What if leaf 0x80000008 is not defined?

> +
> +                       rsvd = (~((1UL << maxphyaddr) - 1)) &
> +                               ~CR3_PCID_INVD;
> +               }
>
>                 if (new_val & rsvd)
>                         return emulate_gp(ctxt, 0);
> diff --git a/arch/x86/kvm/x86.c b/arch/x86/kvm/x86.c
> index e40a779..d9100c4 100644
> --- a/arch/x86/kvm/x86.c
> +++ b/arch/x86/kvm/x86.c
> @@ -813,10 +813,10 @@ int kvm_set_cr3(struct kvm_vcpu *vcpu, unsigned long cr3)
>                 return 0;
>         }
>
> -       if (is_long_mode(vcpu)) {
> -               if (cr3 & CR3_L_MODE_RESERVED_BITS)
> -                       return 1;
> -       } else if (is_pae(vcpu) && is_paging(vcpu) &&
> +       if (is_long_mode(vcpu) &&
> +           (cr3 & rsvd_bits(cpuid_maxphyaddr(vcpu), 63)))
> +               return 1;
> +       else if (is_pae(vcpu) && is_paging(vcpu) &&
>                    !load_pdptrs(vcpu, vcpu->arch.walk_mmu, cr3))
>                 return 1;
>
> --
> 2.5.0
>

Paolo Bonzini Aug. 14, 2017, 4:40 p.m.
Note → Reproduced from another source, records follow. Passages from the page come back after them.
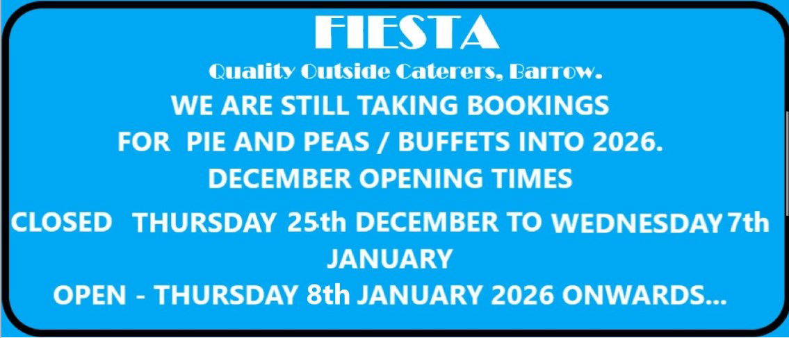 DUE TO A MASSIVE CHANGE IN CIRCUMSTANCES, WE WILL BE CARRYING ON AT FIESTA CATERING INTO 2026.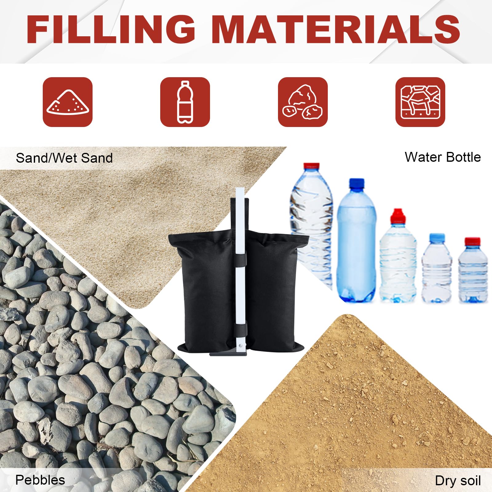 Flexible & Heavy-Duty Design: Each weight bag can hold sand, rocks, or dirt, offering reliable anchoring on any surface—grass, sand, or uneven terrain—for maximum stability.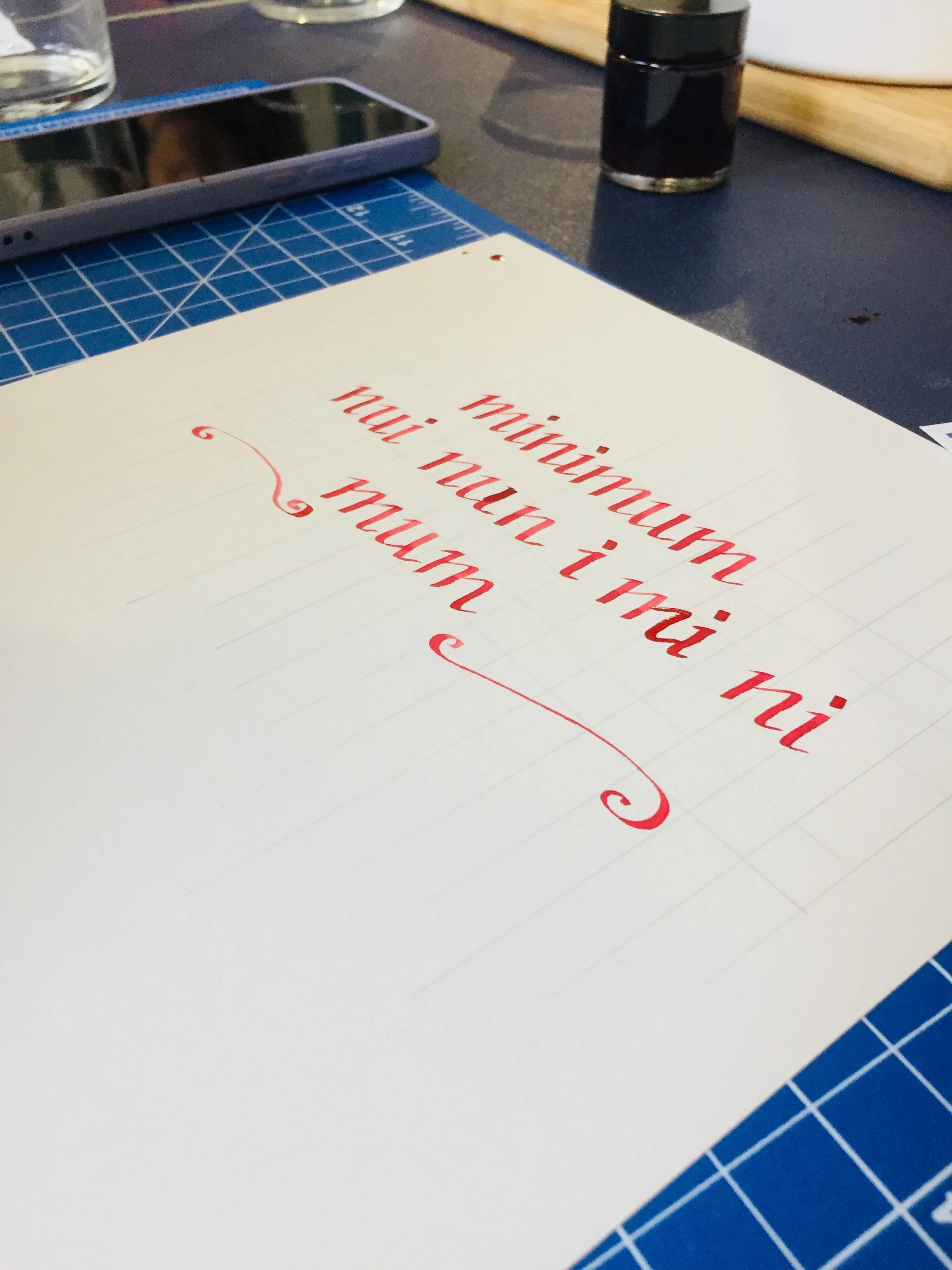In Workshop 2, we continue working with the Chancery script, building on what was learned previously. We further develop the alphabet and explore the refinement and coherence of the letterforms. Caroline demonstrates how individual letters come together to form a balanced and harmonious script.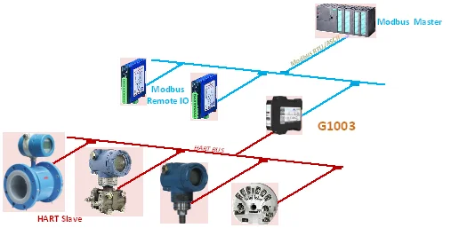 G1003 gateway realizes protocol converting from HART to Modbus RTU / ASCII. Supporting to connect multi HART slave devices into Modbus network. In the gateway, HART terminal is master station, Modbus terminal is slave station.

UTC | #4

On 14/08/2017 18:13, Jim Mattson wrote:
>>                 ctxt->ops->get_msr(ctxt, MSR_EFER, &efer);
>> -               if (efer & EFER_LMA)
>> -                       rsvd = CR3_L_MODE_RESERVED_BITS & ~CR3_PCID_INVD;
>> +               if (efer & EFER_LMA) {
>> +                       u64 maxphyaddr;
>> +                       u32 eax = 0x80000008;
>> +
>> +                       ctxt->ops->get_cpuid(ctxt, &eax, NULL, NULL, NULL);
>> +                       maxphyaddr = eax * 0xff;
>
> What if leaf 0x80000008 is not defined?

I noticed this too, but I thought it was mitigated by being under
EFER_LMA.  Unfortunately, kvm_set_efer doesn't check
guest_cpuid_has_longmode, so I guess you do have to test leaf 0x80000000
first.  Alternatively:

1) kvm_cpuid could return false if it's falling back to
check_cpuid_limit, and emulator_get_cpuid can then be changed to return bool

2) kvm_cpuid and emulator_get_cpuid could gain a new argument to disable
the check_cpuid_limit fallback.

Yu, would you like to implement the latter?

Paolo

Yu Zhang Aug. 15, 2017, 7:50 a.m. UTC | #5

On 8/15/2017 12:40 AM, Paolo Bonzini wrote:
> On 14/08/2017 18:13, Jim Mattson wrote:
>>>                  ctxt->ops->get_msr(ctxt, MSR_EFER, &efer);
>>> -               if (efer & EFER_LMA)
>>> -                       rsvd = CR3_L_MODE_RESERVED_BITS & ~CR3_PCID_INVD;
>>> +               if (efer & EFER_LMA) {
>>> +                       u64 maxphyaddr;
>>> +                       u32 eax = 0x80000008;
>>> +
>>> +                       ctxt->ops->get_cpuid(ctxt, &eax, NULL, NULL, NULL);
>>> +                       maxphyaddr = eax * 0xff;
>> What if leaf 0x80000008 is not defined?
> I noticed this too, but I thought it was mitigated by being under
> EFER_LMA.  Unfortunately, kvm_set_efer doesn't check
> guest_cpuid_has_longmode, so I guess you do have to test leaf 0x80000000
> first.  Alternatively:
>
> 1) kvm_cpuid could return false if it's falling back to
> check_cpuid_limit, and emulator_get_cpuid can then be changed to return bool
>
> 2) kvm_cpuid and emulator_get_cpuid could gain a new argument to disable
> the check_cpuid_limit fallback.
>
> Yu, would you like to implement the latter?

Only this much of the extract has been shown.